1) John Campbell Live in Samoa
Say what you want about John Fellett, but he’s as adept at the counter-punch and exploiting an opportunity as anyone in television. So when TV3 dramatically dumped John Campbell a few weeks back, you can bet one of the first calls the broadcaster took was from a Sky exec, offering him the chance to watch the most public display of his former show’s power in the flesh. Campbell wasn’t a perfect fit with Sky’s mostly ex-jock rugby team. As our recap showed, Campbell’s a legit sports fan, but guys like Jeff Wilson and Justin Marshall are most adept at game analysis – “how will the All Blacks handle the heat?” – versus Campbell, who wanted to tell you what it all meant. Still, he elevated the broadcast, and delivered a beautiful pre-game package which captured the majesty of the moment brilliantly. / DG
2) One Burp to Rule Them All, One Burp to Bind Them
The relentless jive of Dancing With the Stars has slowed to a treacle-paced Viennese Waltz of late, particularly after the elimination of Pam Corkery and Mountain Warrior-gone-Twinkle-Toes Shane Cameron. Where are all the slip ups? The Rodney drops? The Jay Jay snake moves? It’s a tedious viewing experience to watch a bunch of beautiful people succeeding at a new skill, so my mind has started wandering towards everything but the dancing. Until, on Sunday night, when something amazing happened.
It was a burp that rocked the nation. A burp that awoke the imagination of millions. A call to arms type of burp. Could I be overstating the importance of this burp based on my growing apathy towards Dancing With the Stars? Almost certainly yes, but I’ll grab onto anything I can get. Whatever it means, it was a palpable, pungent moment that cut through the spray tans and the wigs to deliver us an uncut moment of pure humanity.

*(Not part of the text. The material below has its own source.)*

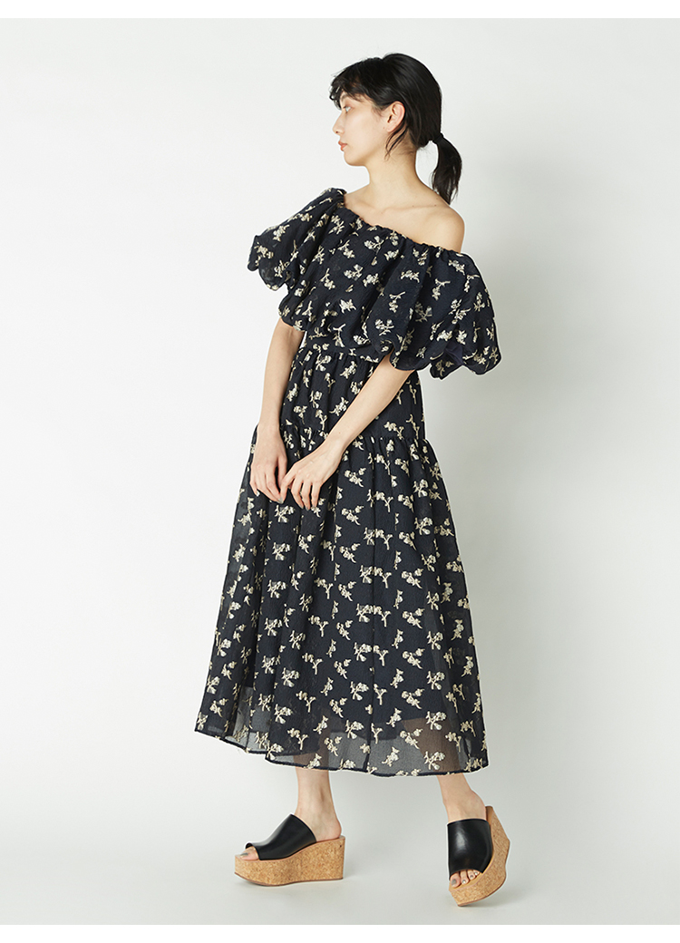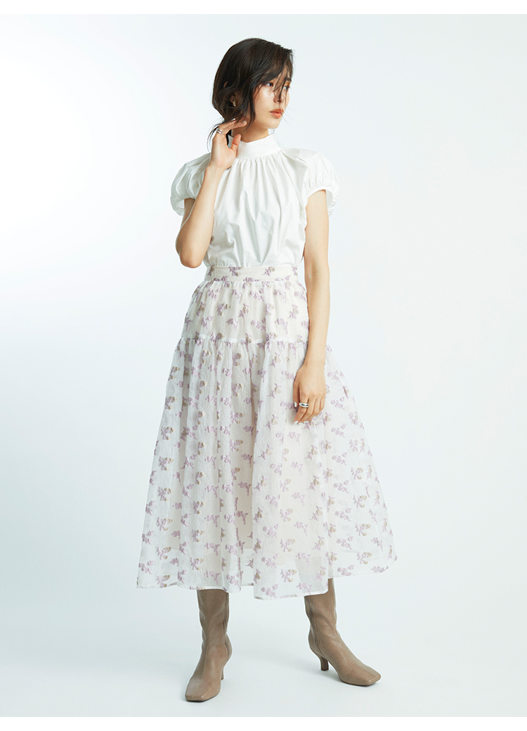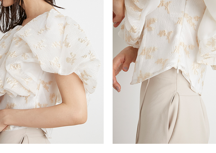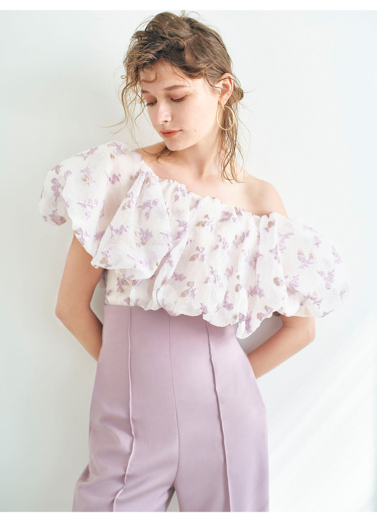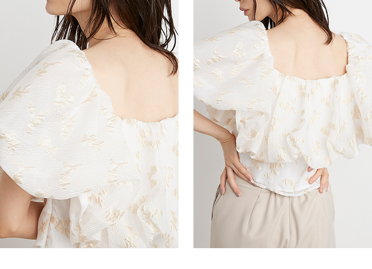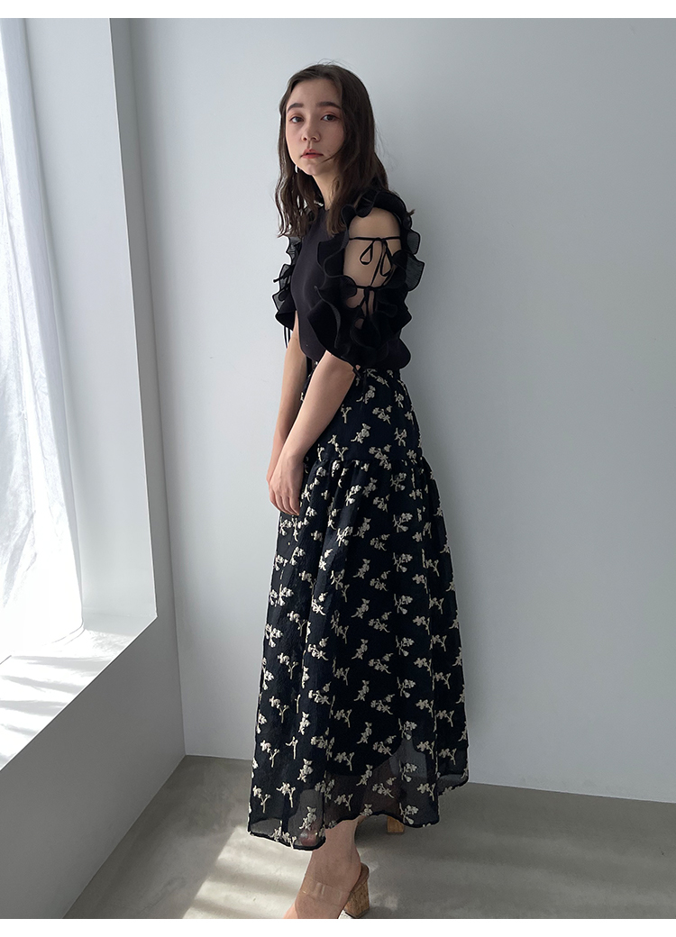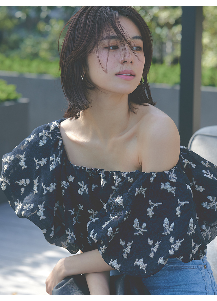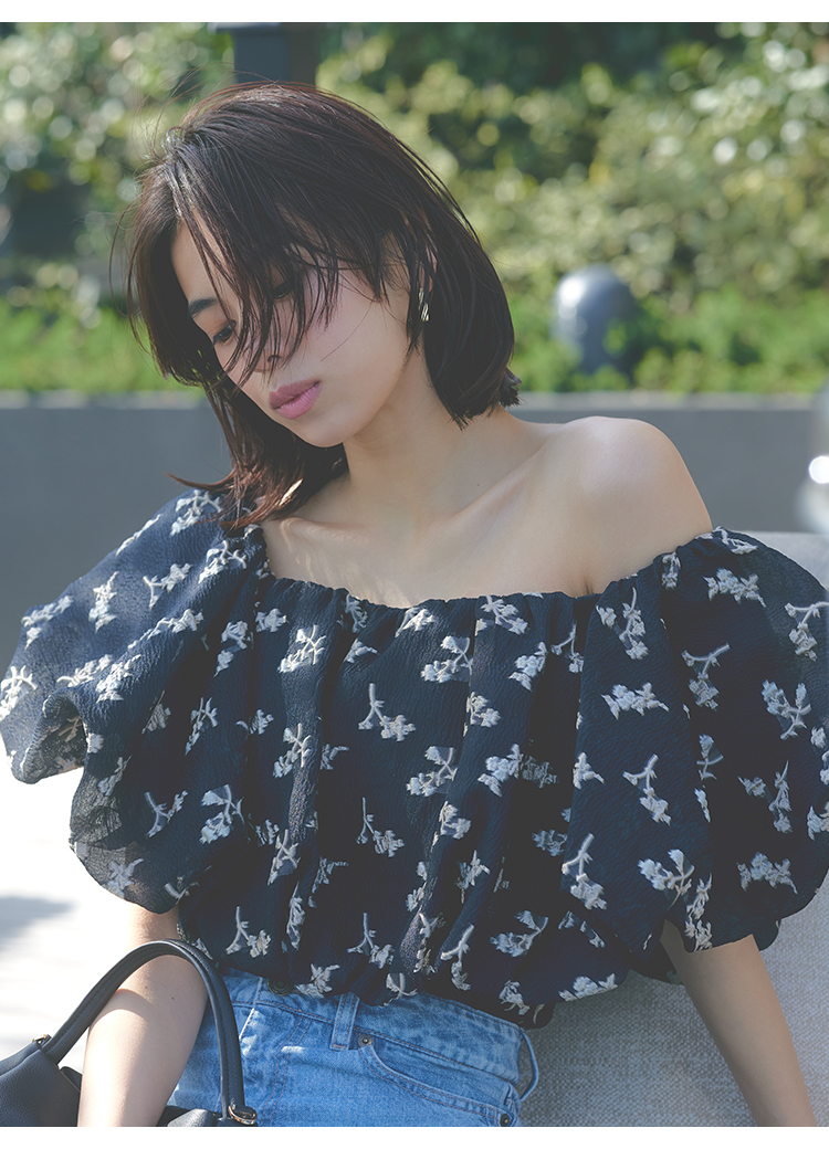 花柄のシアージャガード生地を使用し、たっぷりのギャザーでドラマティックに仕上げたブラウス。女性らしいボリューム感がレディな印象を纏い、ネックラインから肩にかけてリラックス感のあるゴム仕様にしたことで、普通のブラウスとしてだけでなく、大人の肌魅せを叶えるオフショルダーから、片肩だけ落としてでアシメ風にも、様々な雰囲気をお楽しみいただけます。大きく開いたバックスタイルも色香を纏い、カジュアルからフェミニンまでコーディネートの主役を担うアイテム。カーブのかかった裾ラインは、トップスIN/OUTどちらにも万能です。同じ花柄ジャガードで仕立てたスカートとのセットアップなら、ワンピース見えのクラス感あるスタイリングが叶います。

Oh captain, my captain. / AC
3) Jack Tame replaces Mike Hosking
Both ZB and TVNZ have been promoting Jack Tame reasonably heavily these past few years, gradually moving him into prominent slots, as if he’s Mike’s heir apparent – just as Mike once was to the dear, departed Paul Holmes. These past couple of weeks it’s gotten a little too cold for the Hosk – he’s off somewhere holidaying. So the very fresh-faced Jack’s got the wheel of dad’s car for a couple of weeks. What’s he doing with the opportunity? Praising the NZRU for heading to Samoa, despite it being unjustifiable commercially. Talking about New Zealand needing to take the lead on climate change! These are not very Hosking positions. A friend suggested to me that Tame’s become Hosking’s understudy not because he’s considered the man most likely to replace him, but because he makes like his surname and represents no plausible threat to the king or his castle. I like the theory – through that lens, this otherwise mystifying substitution makes a whole lot more sense. / DG
4) Rawdon Christie and Paul Henry Trade Flubs
Look, breakfast television isn’t easy. You not only have to be awake well before dawn – you have to be on. Worse, you have to fill hours and hours every damn day. Anyone would have a hard time filling that gaping void without uttering some piece of casual vacancy or misogyny from time to time. All that said – Paul Henry and Rawdon Christie provide such a steady diet of it that this has to be more than a structural problem, and instead something they just get a kick out of. In recent times, Rawdon’s watched a beautiful, touching HIV awareness video, and come away with a single, nonsensical question in response: “Is he blind?” (click to watch the clip). Paul Henry, meanwhile, targeted the wrong journalist for a an angry rant, then did some more of his trademark sleazing on Maria Tutaia (click here to watch the clip). Again, it’s a tough job. But if Hilary Barry and Ali Pugh can make it through without being actively horrible, surely their male counterparts can too? / DG
5) Rhys Darby Over the X-Files Moon
This week has been full of X-Files revelations for me. First of all, I realised I don’t actually need to watch all 202 episodes to ‘get a vibe’ for the show. Secondly, David Duchovny has released an album and nobody seems to care. And thirdly, Rhys Darby has scored himself a role in the 2016 reboot. The six-part series will make first contact with the US in January next year, with ‘90s superstars Mulder and Scully returning as ageless as ever. Also joining Darby in the supporting cast will be Community’s Joel McHale, but little is known about his role yet:
Could “over the moon” be a clue? Will Darby be playing an alien moon man? I sure want to believe. / AC
Watch: Kiwi Living, Friday TV1 at 7.30pm – A new lifestyle show fronted by Miriama Kamo and Michael van de Elzen, covering everything from mushrooms to bike riding.
Binge: The X-Files on Lightbox – Rewatch the ‘90s classic and figure out where Rhys Darby will step in. We’d put money on the stretchy guy in the chimney.
Movie: Napoleon Dynamite, Saturday FOUR at 8.10pm – Are we ready to stop groaning at this movie and start laughing again? Nope? Still groaning? No tater tots for you.